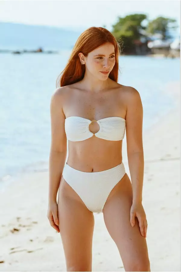 This adorable bandeau features a gold ring, detailed fabric, and a tie closure for an adjustable fit. We love this top paired with the Pure High Waist bottoms. Features removable padding and straps.
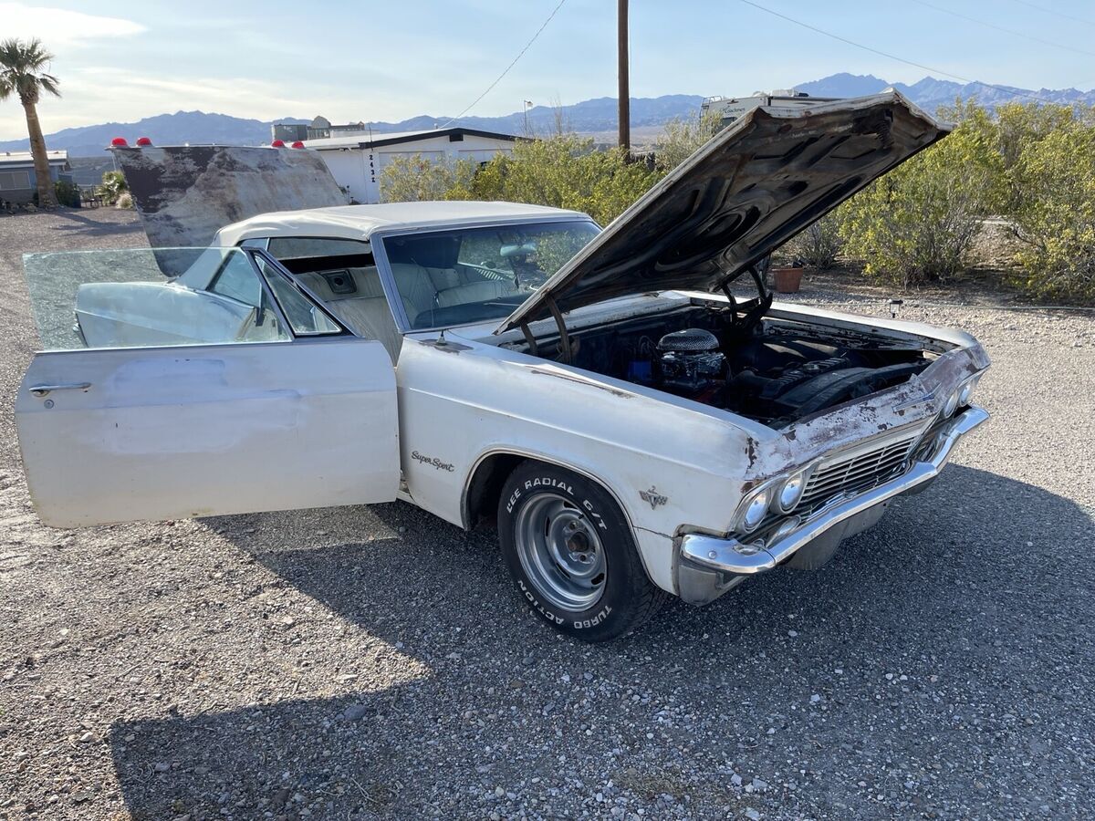 One owner SS 327/300 4 speed . Triple whit, Runs and drive, New top. The car really needs paint . It has spray can touch ups on top of the original paint . The 4 speed shifts nic, good clutc, 327 runs out good. Good brakes . It was kept up mechanically. The paint not so muc, Sounds mean with cherry bombs .
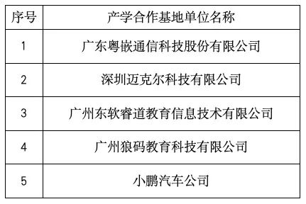 我校人工智能技术应用专业确立高质量技能人才培养的教育观,突出“能力”训练,强化技能培训和职业技能的拓展训练,先后与广东粤嵌通信科技股份有限公司、深圳麦克尔科技有限公司、广州东软睿道教育信息技术有限公司、广州狼码教育科技有限公司、小鹏汽车公司等企业建立校企合作实训基地,学校与企业共同开发课程,共同培养学生。见下表。
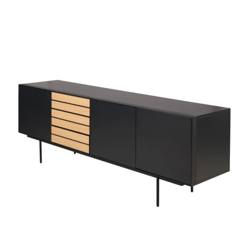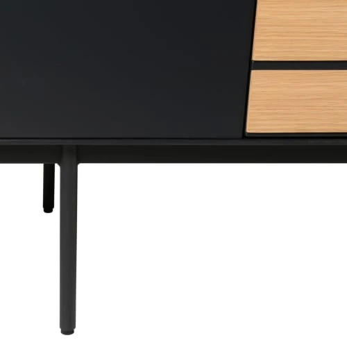 Informations techniquesDimensions : L x P x H : 200 x 50 x 75 cmPoids total du produit : 0 kgInformations additionnellesHauteur pieds : 22cmDimensions étagères : 47 x 46 x 20.5 cmMatière : ChêneDétails matières : Corps : MDF placage chêne, laquéPieds : Metal laqué, texture sabléeConditionnement : Produit expédié en un seul colis.Corps : MDF placage chêne, laquéPieds : Metal laqué, texture sablée
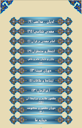 پرسشهای نرمافزار موبایل «پرسمان مهدویت» در 10 فصل ادیان و مذاهب، مهدیشناسی، امام زمان(عج) در قرآن، انتظار و منتظران، یاران و نایبان عام و خاص، دوران غیبت، ارتباط و ملاقات، آخرالزمان، ظهور، علائم، شرایط و دوران ظهور و حکومت جهانی قرار داده شده است.
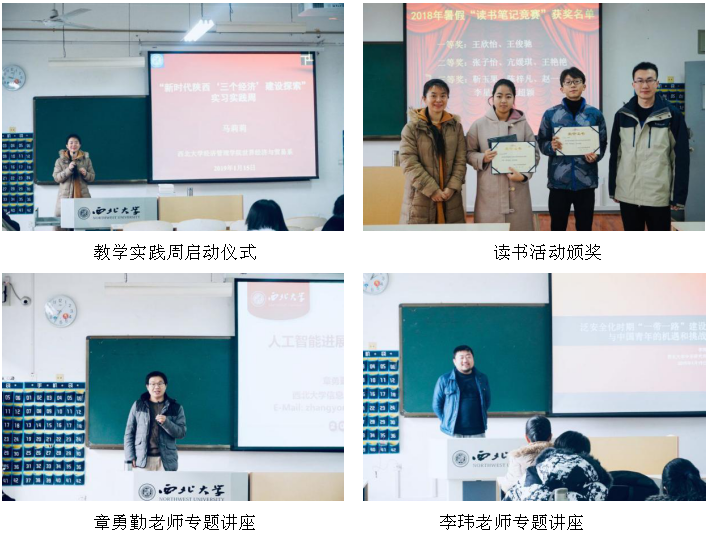 1月15日,首先由马莉莉老师介绍本次实践活动基本构想;而后王颂吉老师主持国贸系读书活动颁奖仪式,并布置寒假读书工作。随后第一场专题讲座是由永利yl23411no1信息科学与技术学院的章勇勤老师主讲“人工智能进展及其应用背景”,内容包括当前人工智能的发展现状、应用领域及未来的发展趋势。下午第二场专题讲座由永利yl23411no1中东研究所李玮老师主讲“泛安全化时期的国际关系和中国新青年面临的机遇和挑战”,内容包括“世界与梦想”、“2018年来‘一带一路’建设的重点和难点”,以及新时代下的新青年所面临的机遇和挑战。通过李老师生动有趣的讲解,同学们对当前的全球形势、特别是中美关系有了进一步的认识。晚上第三场专题讲座由华夏幸福基业的靳毅先生主讲“开发区和园区经济模式分析”,他首先介绍了开发区的类型、牌子赋能,其次介绍了企业的规模与类型、公共技术平台、陕西航空综合保税区,最后介绍了华夏幸福集团的运营模式。聆听完讲座,同学们认识到,陕西作为一个拥有众多科技园区的省份,需要充分挖掘优势,应对挑战,并且和“一带一路”相结合,以促进地方经济发展。
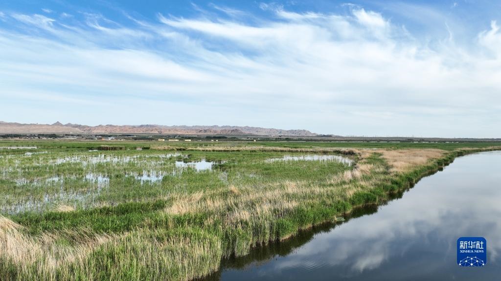 這是6月4日拍攝的位于內(nèi)蒙古巴彥淖爾市烏拉特前旗的烏梁素海(無(wú)人機(jī)照片)。
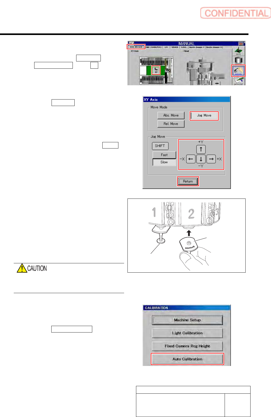 Calibration HLGB-10305-01 Auto Calibration (Recognition of Relationship be t ween the Fi xed Camera and Nozzle) SHEET 2/4 4 Move the head clear of the work area. 1. Click in an order of MAN UAL menu AXIS MOTION tab X…
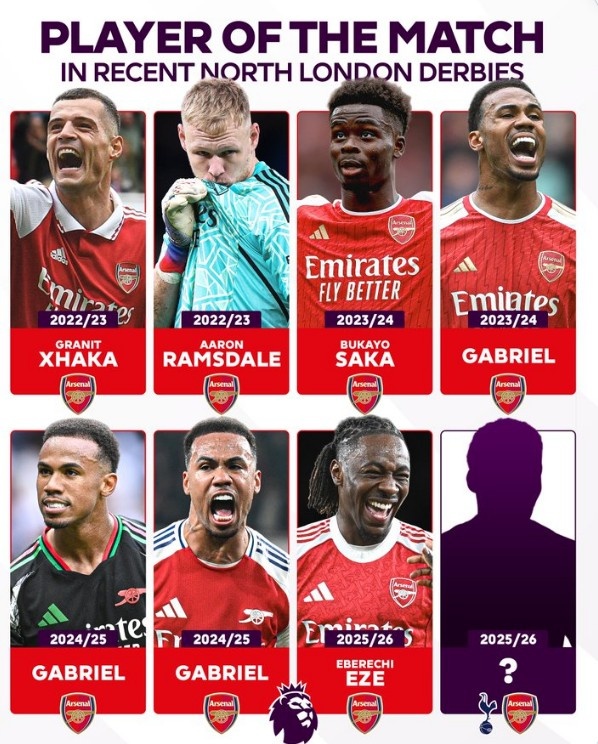 直播吧2月22日讯本轮英超将迎来焦点战阿森纳vs热刺,英超官方统计,近7次英超北伦敦德比官方全场最佳球员都是阿森纳球员,具体如下:
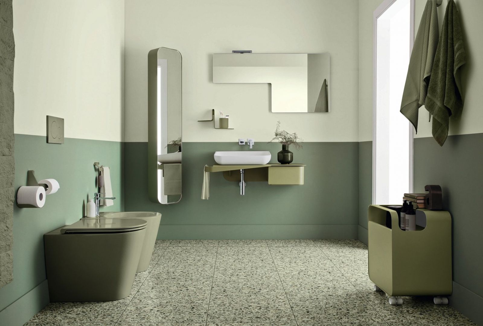 Il porta rotolo ha un design originale ed è realizzato in metallo verniciato, nei colori Arblu. Nella sua struttura contiene un doppio appoggio: un’asta porta rotolo e una mensola sagomata per avere sempre a disposizione un rotolo di scorta.
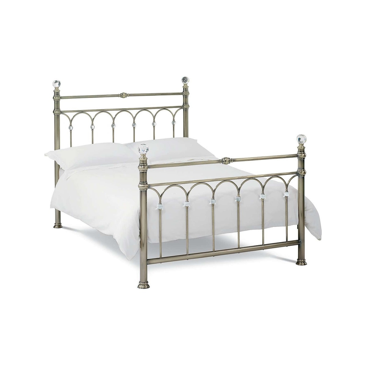 Crafted in metal with a slatted frame and an antique brass gloss finish, this easy to assemble bedstead features curving bars and crystal sphere details.
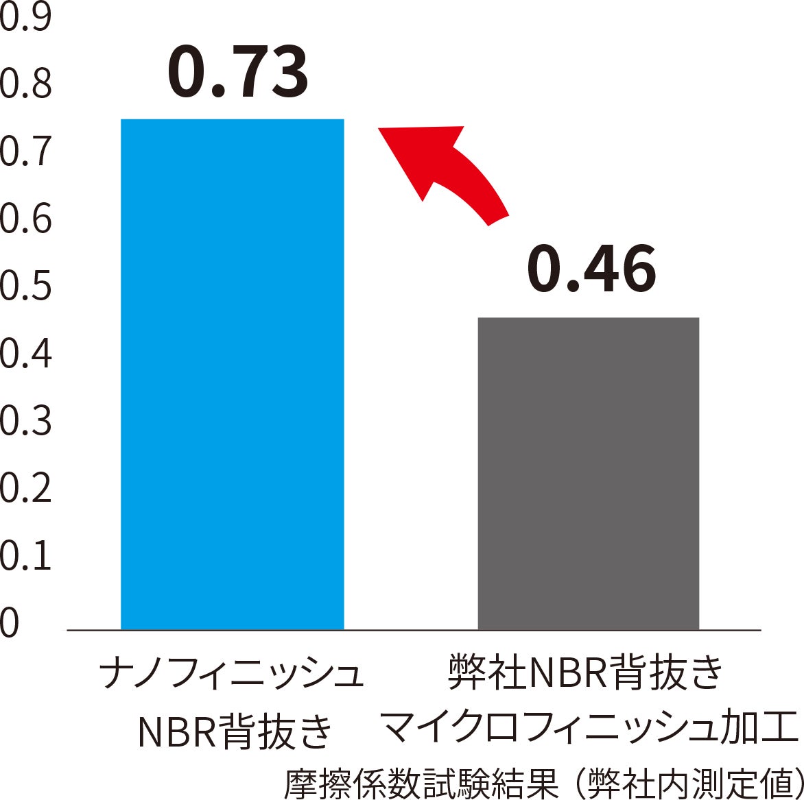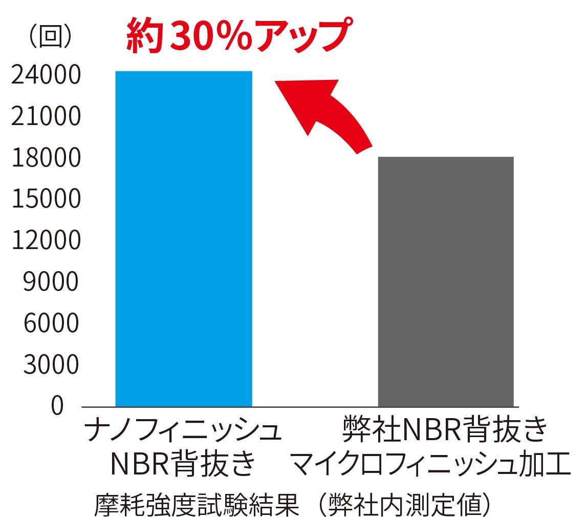 平面を保っている形状の「ナノフィニッシュ」は、擦ってもゴムが削れにくいため、磨耗強度は弊社従来品と比較して約30%アップしました。
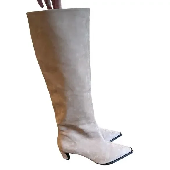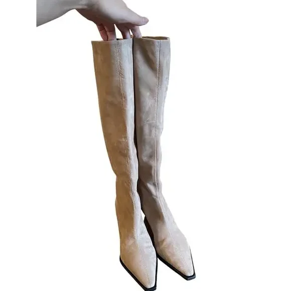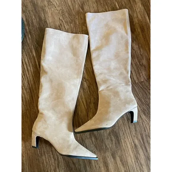So flattering! Buttery soft suede! Free People x Vicenza Tall Suede Boots Knee High Low Heel Pull On Sand BeigeSize: 8Retails $398Excellent, pre-owned condition!Everything I sell is 100% Authentic, Bid with confidence.** I’ll always respect your reasonable offer***** SHIPS within 24 hours! ***Please check out my other items for a 25% bundle discount and to pay only ONE shipping fee. Thank you for looking! *** Zimmermann, Cult Gaia, Ulla Johnson, Retrofete, Jacquemus, Ramy Brook, STAUD, Golden Goose, P448, R13, By Far, GANNI, Ronny Kobo, PatBo, Anine Bing, Acne Studios, Aje, Cinq a Sept, loveshackfancy, MISA, rococo sand, A.L.C., agolde, rag and bone, mousse vintage, citizens of humanity, Levi’s, Alice and Olivia, Hemant and nandita, patbo, free people, Veronica beard, Jonathan simkhai
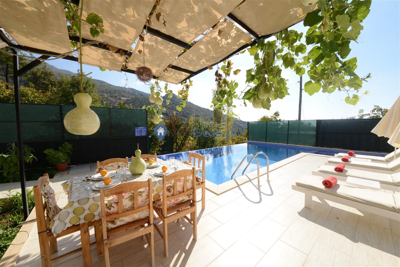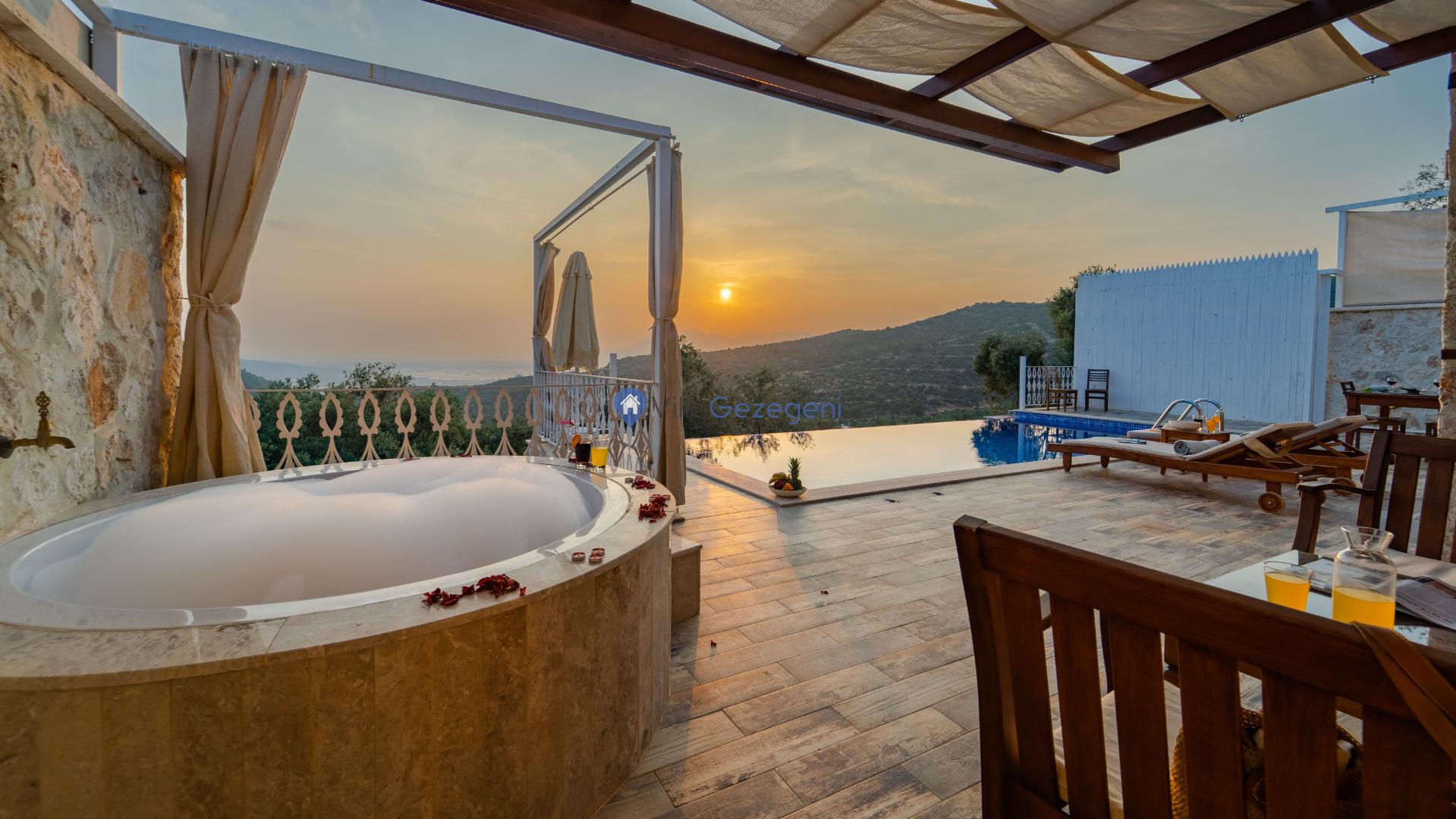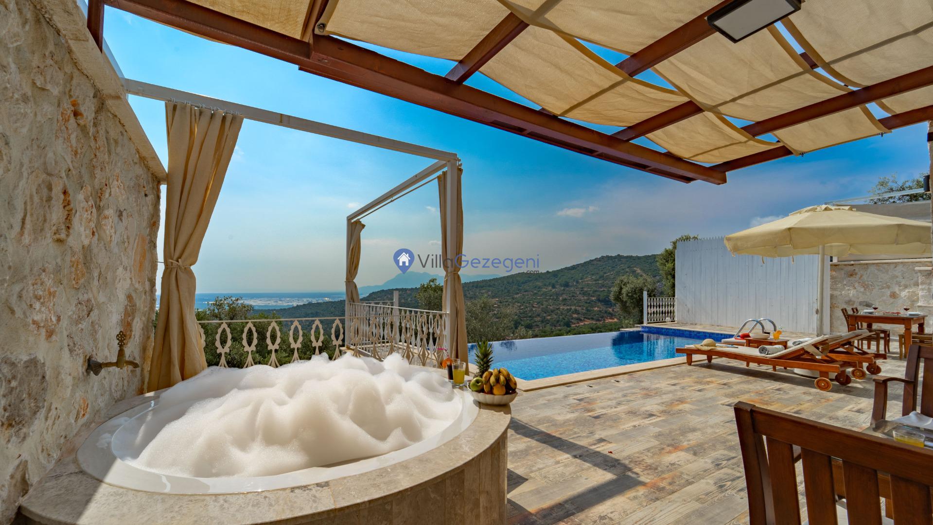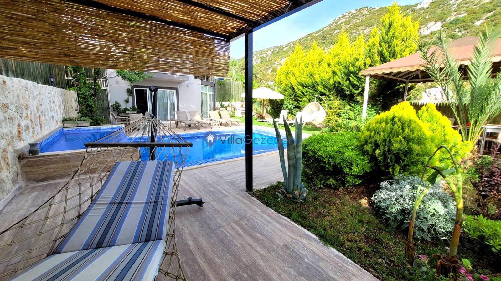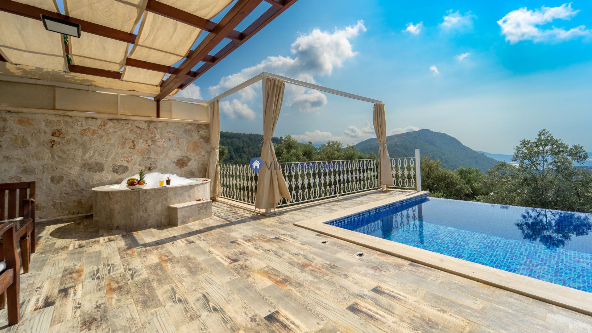 Villa Asaf, Kalkan Üzümlü'de 4 kişilik, markete merkeze ve restaurantlara yakın, jakuzili, doğa içerisinde bulunan kiralık muhafazakar balayı villası.

§

▶ _Work required_
Give back the listing unchanged. Strip out the pictures.

▶ _Completed exercise_
 This adorable bandeau features a gold ring, detailed fabric, and a tie closure for an adjustable fit. We love this top paired with the Pure High Waist bottoms. Features removable padding and straps.
 One owner SS 327/300 4 speed . Triple whit, Runs and drive, New top. The car really needs paint . It has spray can touch ups on top of the original paint . The 4 speed shifts nic, good clutc, 327 runs out good. Good brakes . It was kept up mechanically. The paint not so muc, Sounds mean with cherry bombs .
 我校人工智能技术应用专业确立高质量技能人才培养的教育观,突出“能力”训练,强化技能培训和职业技能的拓展训练,先后与广东粤嵌通信科技股份有限公司、深圳麦克尔科技有限公司、广州东软睿道教育信息技术有限公司、广州狼码教育科技有限公司、小鹏汽车公司等企业建立校企合作实训基地,学校与企业共同开发课程,共同培养学生。见下表。
 Informations techniquesDimensions : L x P x H : 200 x 50 x 75 cmPoids total du produit : 0 kgInformations additionnellesHauteur pieds : 22cmDimensions étagères : 47 x 46 x 20.5 cmMatière : ChêneDétails matières : Corps : MDF placage chêne, laquéPieds : Metal laqué, texture sabléeConditionnement : Produit expédié en un seul colis.Corps : MDF placage chêne, laquéPieds : Metal laqué, texture sablée
 پرسشهای نرمافزار موبایل «پرسمان مهدویت» در 10 فصل ادیان و مذاهب، مهدیشناسی، امام زمان(عج) در قرآن، انتظار و منتظران، یاران و نایبان عام و خاص، دوران غیبت، ارتباط و ملاقات، آخرالزمان، ظهور، علائم، شرایط و دوران ظهور و حکومت جهانی قرار داده شده است.
 1月15日,首先由马莉莉老师介绍本次实践活动基本构想;而后王颂吉老师主持国贸系读书活动颁奖仪式,并布置寒假读书工作。随后第一场专题讲座是由永利yl23411no1信息科学与技术学院的章勇勤老师主讲“人工智能进展及其应用背景”,内容包括当前人工智能的发展现状、应用领域及未来的发展趋势。下午第二场专题讲座由永利yl23411no1中东研究所李玮老师主讲“泛安全化时期的国际关系和中国新青年面临的机遇和挑战”,内容包括“世界与梦想”、“2018年来‘一带一路’建设的重点和难点”,以及新时代下的新青年所面临的机遇和挑战。通过李老师生动有趣的讲解,同学们对当前的全球形势、特别是中美关系有了进一步的认识。晚上第三场专题讲座由华夏幸福基业的靳毅先生主讲“开发区和园区经济模式分析”,他首先介绍了开发区的类型、牌子赋能,其次介绍了企业的规模与类型、公共技术平台、陕西航空综合保税区,最后介绍了华夏幸福集团的运营模式。聆听完讲座,同学们认识到,陕西作为一个拥有众多科技园区的省份,需要充分挖掘优势,应对挑战,并且和“一带一路”相结合,以促进地方经济发展。
 這是6月4日拍攝的位于內(nèi)蒙古巴彥淖爾市烏拉特前旗的烏梁素海(無(wú)人機(jī)照片)。
 Calibration HLGB-10305-01 Auto Calibration (Recognition of Relationship be t ween the Fi xed Camera and Nozzle) SHEET 2/4 4 Move the head clear of the work area. 1. Click in an order of MAN UAL menu AXIS MOTION tab X…
 直播吧2月22日讯本轮英超将迎来焦点战阿森纳vs热刺,英超官方统计,近7次英超北伦敦德比官方全场最佳球员都是阿森纳球员,具体如下:
 Il porta rotolo ha un design originale ed è realizzato in metallo verniciato, nei colori Arblu. Nella sua struttura contiene un doppio appoggio: un’asta porta rotolo e una mensola sagomata per avere sempre a disposizione un rotolo di scorta.
 Crafted in metal with a slatted frame and an antique brass gloss finish, this easy to assemble bedstead features curving bars and crystal sphere details.
 平面を保っている形状の「ナノフィニッシュ」は、擦ってもゴムが削れにくいため、磨耗強度は弊社従来品と比較して約30%アップしました。
So flattering! Buttery soft suede! Free People x Vicenza Tall Suede Boots Knee High Low Heel Pull On Sand BeigeSize: 8Retails $398Excellent, pre-owned condition!Everything I sell is 100% Authentic, Bid with confidence.** I’ll always respect your reasonable offer***** SHIPS within 24 hours! ***Please check out my other items for a 25% bundle discount and to pay only ONE shipping fee. Thank you for looking! *** Zimmermann, Cult Gaia, Ulla Johnson, Retrofete, Jacquemus, Ramy Brook, STAUD, Golden Goose, P448, R13, By Far, GANNI, Ronny Kobo, PatBo, Anine Bing, Acne Studios, Aje, Cinq a Sept, loveshackfancy, MISA, rococo sand, A.L.C., agolde, rag and bone, mousse vintage, citizens of humanity, Levi’s, Alice and Olivia, Hemant and nandita, patbo, free people, Veronica beard, Jonathan simkhai
 Villa Asaf, Kalkan Üzümlü'de 4 kişilik, markete merkeze ve restaurantlara yakın, jakuzili, doğa içerisinde bulunan kiralık muhafazakar balayı villası.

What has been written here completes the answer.